Thursday, 15 Jul 2010 | 4:28 PM ET
US golfer John Daly watches his drive from the 15th tee during his opening round on the first day of the British Open Golf Championship.
Peter Muhly | AFP | Getty Images
US golfer John Daly watches his drive from the 15th tee during his opening round on the first day of the British Open Golf Championship.

Given today’s six-under par performance at the British Open,John Daly’scareer isn’t done yet, but when it is, it will go down in sports marketing lore.

In the history of sports, there has never been an athlete that has been sponsored by more companies and yet, for Daly, it has been either feast or famine.

While many point to Daly’s flashy clothing deal with Loudmouth Golf, the 44-year-old wore a sweater with an adidas logo on it for Thursday’s first round at St.
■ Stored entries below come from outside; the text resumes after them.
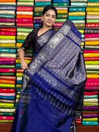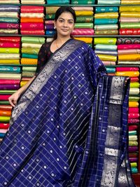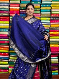 Kuppadam Pattu Checks And Butti Navy Blue Saree
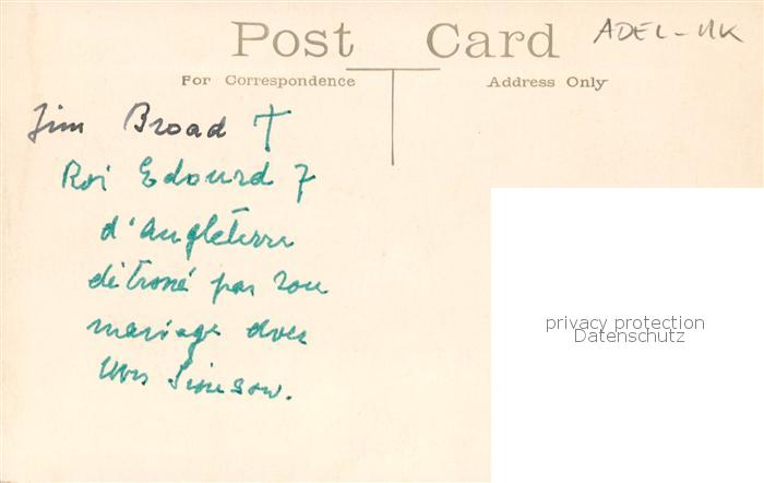 73884963 Adel UK Jim Broad Roi Edourd postalisch gelaufen Erhaltung siehe scans [IrynaD87] alte Postkarte Iryn Katcode 22260000002700
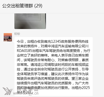 4月2日,南充市12345政務服務便民熱線向閬中市出租辦發送了一封《表揚信》,信中對南運集團閬中鴻運汽車運輸有限公司的一位司機——川RDA0185鴻運出租車駕駛員陳星吉表示了高度贊揚。 《表揚信》中提到,乘客在乘坐的哥陳星吉駕駛的出租車時,深切體會到了他極佳的耐心以及對乘客的細致照顧。即便面對飲酒的乘客,陳星吉也表現出了極大的寬容和關懷,確保了乘客的安全和舒適。他的專業能力和優質服務無疑對出租車行業產生了正面的影響。因此,《表揚信》的發送者希望通過熱線中心向陳星吉表達深深的感激和贊揚,以表彰他出色的服務態度和對乘客的關懷。 多年來,閬中鴻運汽車運輸有限公司的“的哥”、“的姐“們,為乘客服務的好人好事層出不窮,他們始終堅守南運集團“奉獻社會是神圣使命”的經營理念以及出租公司“乘客大于我”的服務理念,將乘客的舒適與安全視為重中之重,致力于為每一位乘客提供最優質、最貼心的出行服務。 此次“的哥”陳星吉受到點贊,不僅是對他個人職業精神的肯定,更是對閬中鴻運公司整體服務水平的認可。鴻運公司對此深感自豪,并將以此為契機,進一步提升服務質量,加強員工培訓,確保每一位司機都能像陳星吉一樣,以高度的責任心和專業的服務技能,為乘客提供安全、舒適、溫馨的出行體驗。同時,鴻運公司也將加大對優秀出租車駕駛員的表彰和獎勵力度,激勵全體從業人員向榜樣學習,共同推動出租車行業的健康發展。 (閬中分公司 劉玉)
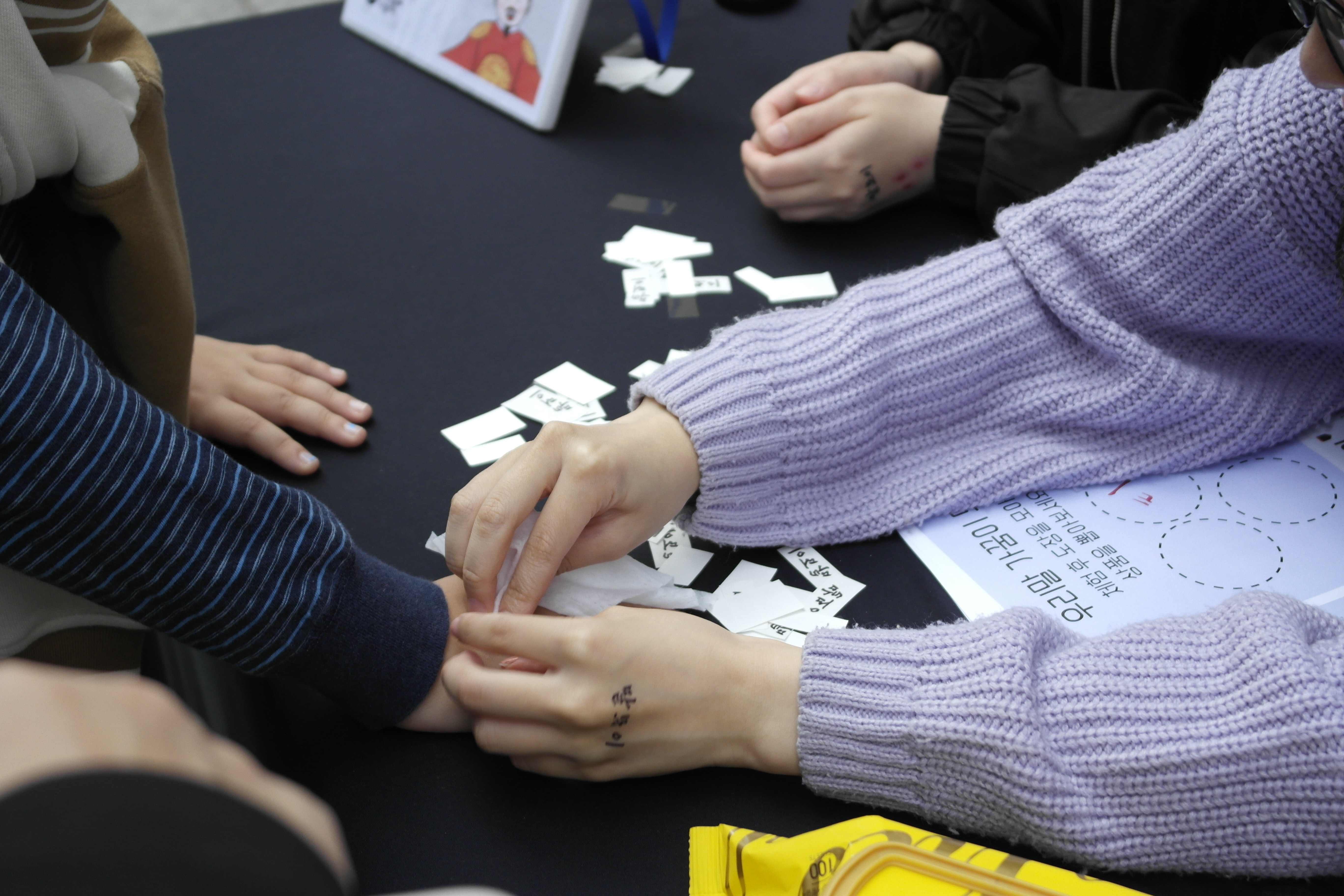 다음은 우리말 타투 스티커 체험입니다. 말모이라는 단어와 무궁화 스티커를 물휴지를 이용해 원하는 부위에 붙여 줬습니다! 아쉽게도 하루밖에 진행하지 못했죠... ㅜ 다음 날인 한글날에는 한글 팔찌 만들기와 복조리 만들기로 대체했습니다!
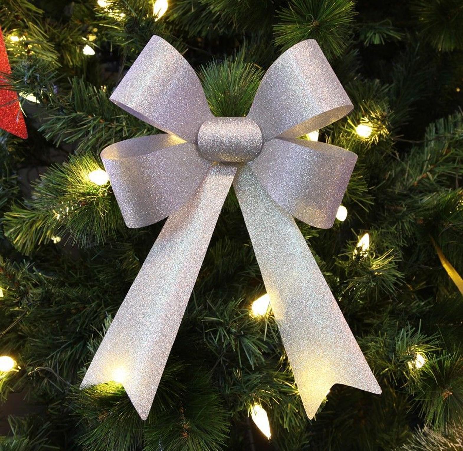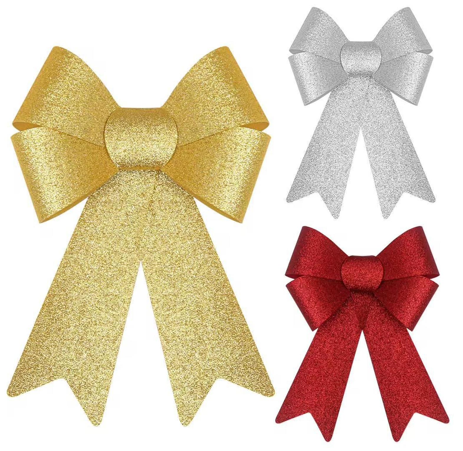 Elevate your holiday decorations with the magnificent Sparkle Luxe Glitter Bow Collection. Crafted from durable, lightweight plastic, these oversized 25cm bows feature a gorgeous, shimmering finish that reflects light beautifully, instantly bringing an opulent festive spirit to any space. Available in a sophisticated assortment of brilliant Gold, timeless Red, and elegant Silver, they offer versatile decoration options for various themes. Use them to create a dramatic focal point on your main Christmas tree, adorn large wreaths, or enhance the presentation of your most treasured holiday gifts. Their robust construction ensures they maintain their perfectly tailored shape season after season, making them a reusable, high-impact staple for all your annual decorating traditions.
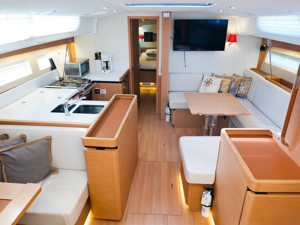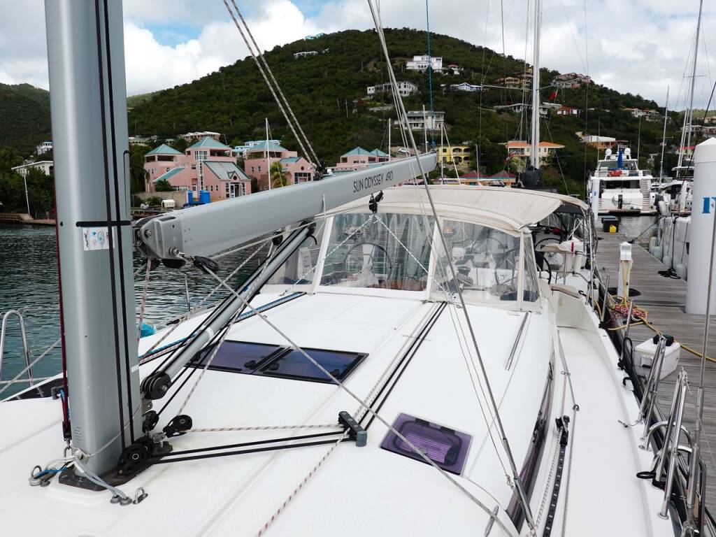 Sailing yacht Sun Odyssey 490 After Physics, built in 2020 is anchored in the BVI, Tortola, Nanny Cay Marina, British Virgin Islands, British Virgin Islands. It has 3 cabins, can accommodate 6 people and has 2 toilets. Bed linen and kitchen equipment are included in the price.
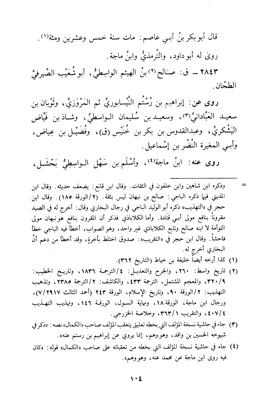 (3) جاء في حاشية نسخة المؤلف التي بخطه تعليق يتعقب المؤلف صالح "الكمال" نصه: ذكر في شيوخه الحسين بن واقد، وهو وهم، إنا يروي عن إبراهيم بن رستم عنه.
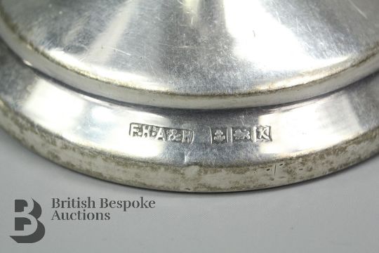 Pair of silver candlesticks, Birmingham hallmark dated 1959, approx 178 gms (weighted) approx 11 cms h, mm F.H.A & H. (good overall condition, pin dents to base of bottom rim on both candlesticks, see image)
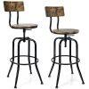 The swivel height-adjustable system allows you to change the seat height from 69 cm to 76 cm, and chair height from 98.5 cm to 105.5 cm, perfectly matching with your counter or bar height table. And the detachable backrest enables the bar stools to change outlooks, customizing your own perfect seating furniture. It also ensures an ergonomic design with curved backrest and footrest to better relax your body. The industrial wood grain brings back the vintage style and farmhouse feel. These bar stools are stable and reliable with cross structure at the back of the seat base. And metal legs with non-slip foot pads also protect your floors.
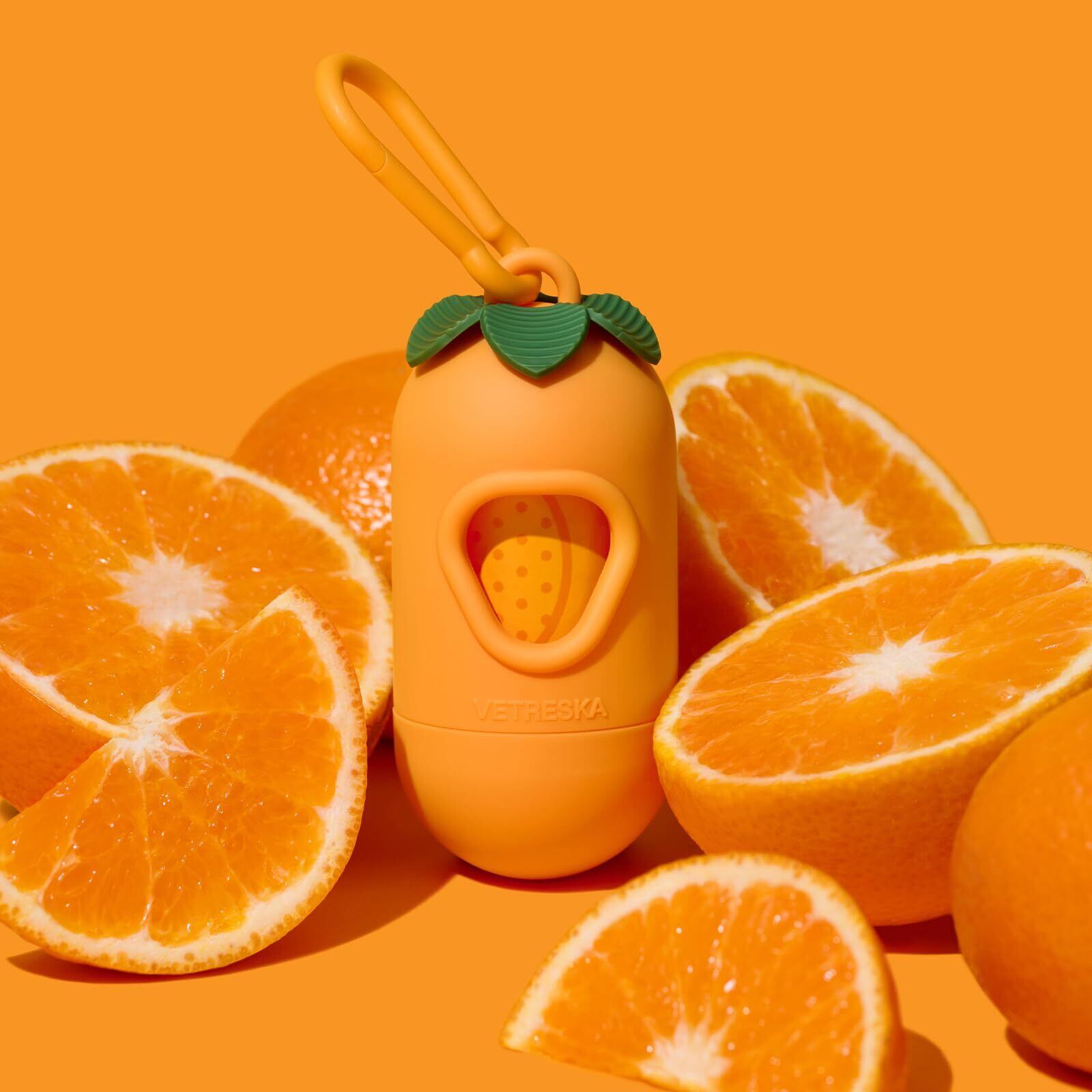 VETRESKA ベトレスカ ペット用 エチケット袋 105枚入 うんちが臭わない袋 防臭袋 うんち処理袋 におわない袋 生分解性 オレンジの香りつき 取り出し容器と首、リードク付き 猫砂用 消臭袋
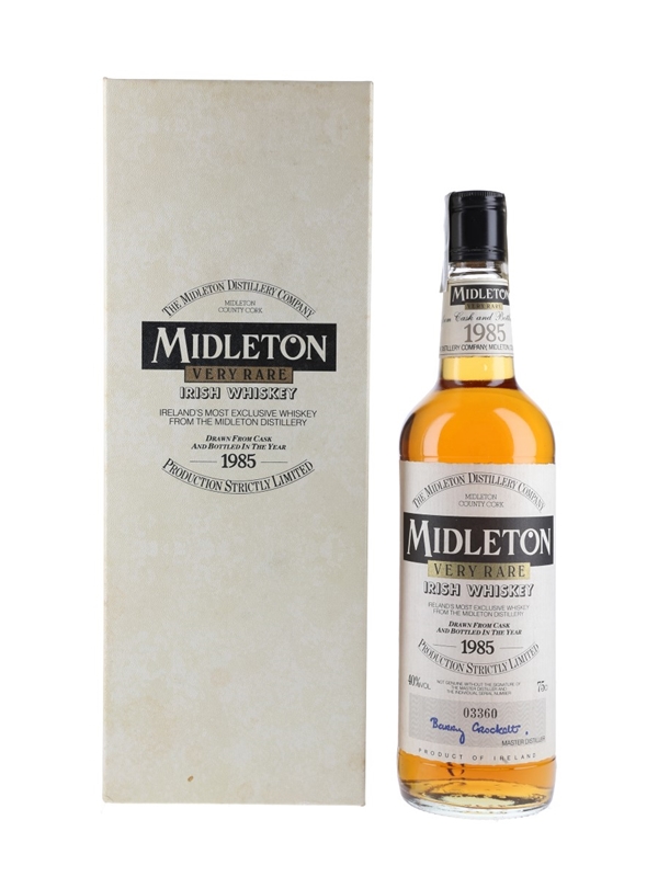 A bottle of Midleton Very Rare Irish Whiskey drawn from cask and bottled in 1985. Every year since 1984, a new release has been produced and bottled in limited quantities.
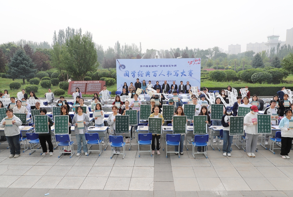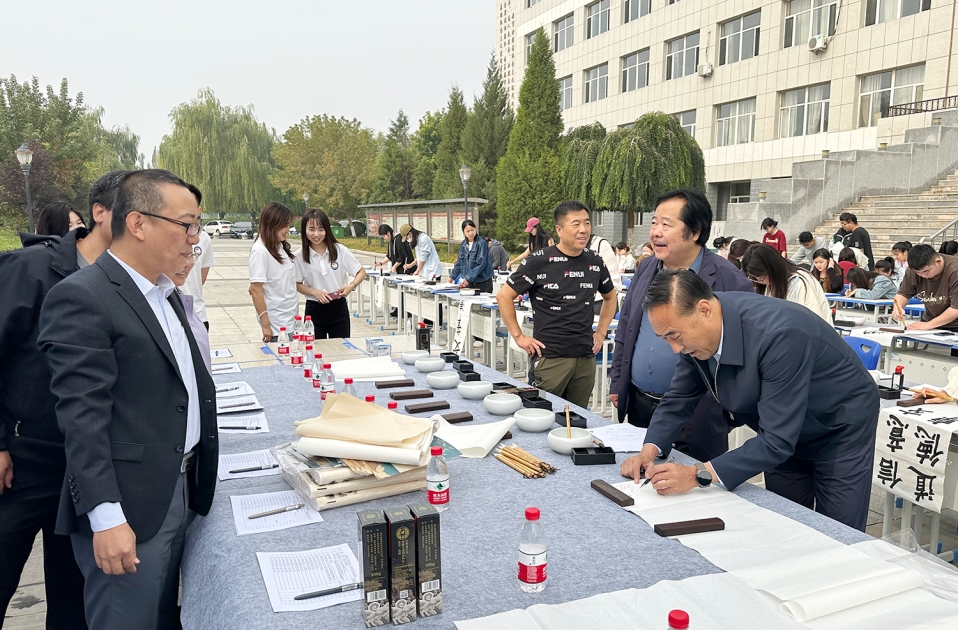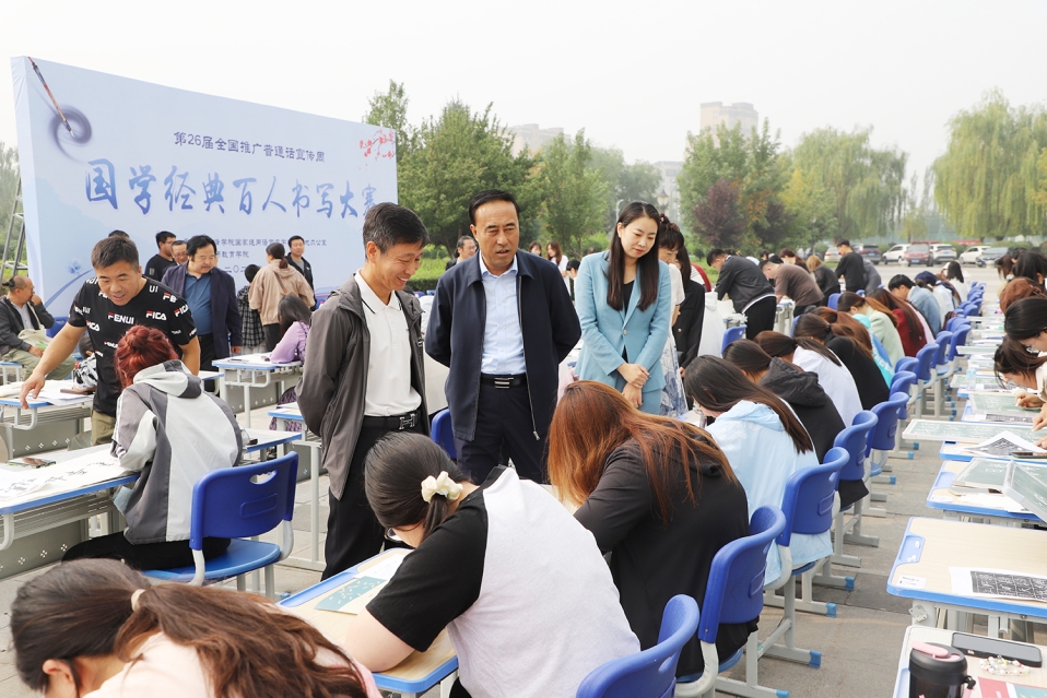9月17日上午,由我校国家通用语言文字推广基地主办、教师教育学院承办的“国学经典百人书写大赛”在崇学楼前举行。校党委委员、副校长徐振军,教务处、教师教育学院、美术学院等单位负责同志、教师代表在现场观看比赛。来自22个二级学院的130余名书法爱好者参加比赛。
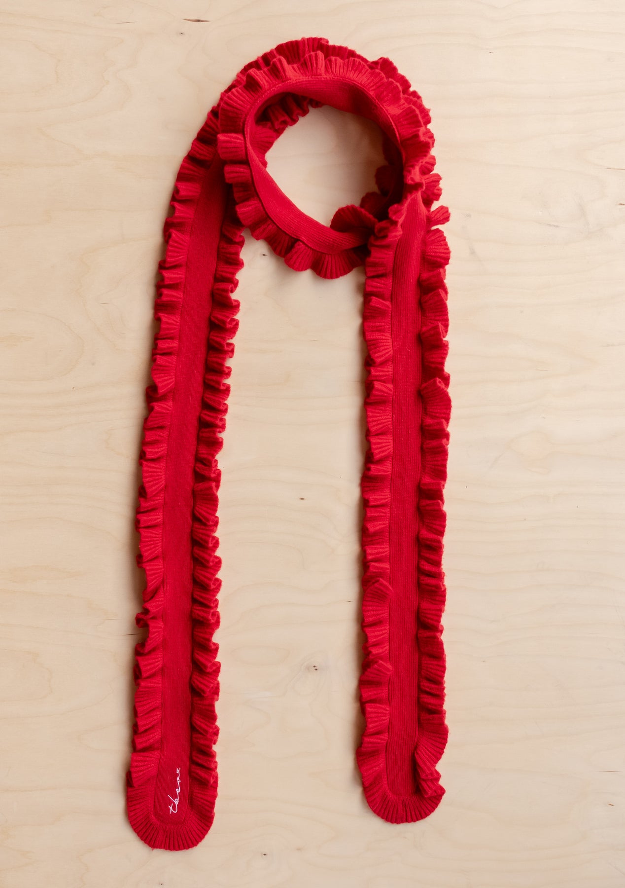 Voici votre accessoire indispensable. Cette saison, notre écharpe fine emblématique se réinvente avec une bordure à volants ludique. Ce modèle 100 % laine mérinos, d'un rouge éclatant, apporte chaleur, texture et originalité en toute simplicité, rehaussant vos tenues préférées sans avoir à renouveler toute votre garde-robe.
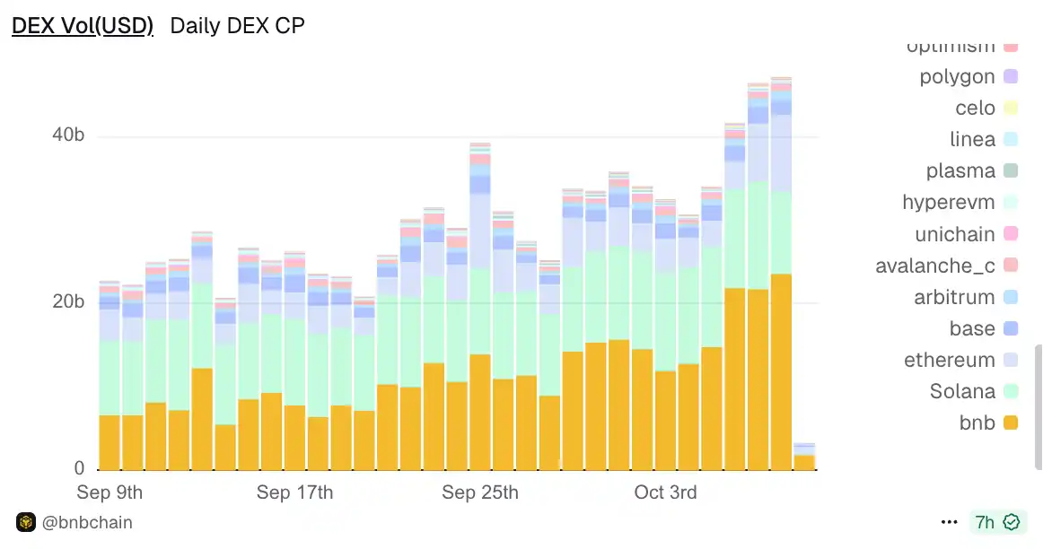 BSC 生态的热度正在经历一次由内向外的扩散,自 Aster 于 9 月中旬完成 **E 并启动第二阶段 Genesis 以来,整个生态的交易活跃度和链**动性均显著上升。随着「Aster Dawn」阶段的开启,这种势能进一步放大——不仅带动了多只 BNB meme 币的集中上线,也令去**化交易板块重新成为市场关注的焦点。
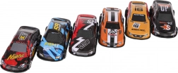 Enthalten sind sechs detailreich gestaltete Rennwagen im Maßstab 1:64 mit robuster Metallkarosserie, bereit für sofortige Rennen.
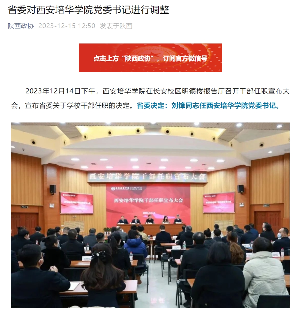 2023年12月14日下午,西安培华学院在长安校区明德楼报告厅召开干部任职宣布大会,宣布省委关于学校干部任职的决定。省委决定:刘锋同志任西安培华学院党委书记。

Andrews even though he no longer has a deal with the TaylorMade-adidas family.

“He’s not under contract with us anymore,” said Christa McNamara, spokesperson for TaylorMade-adidas. “No one on our team knows where he got the sweater. It could be 10 years old or he could have bought it at the merchandise tent.”

Although he’s not receiving any income from the company, McNamara said he plays with TaylorMade equipment and recently switched to the Rossa Corza Ghost Putter.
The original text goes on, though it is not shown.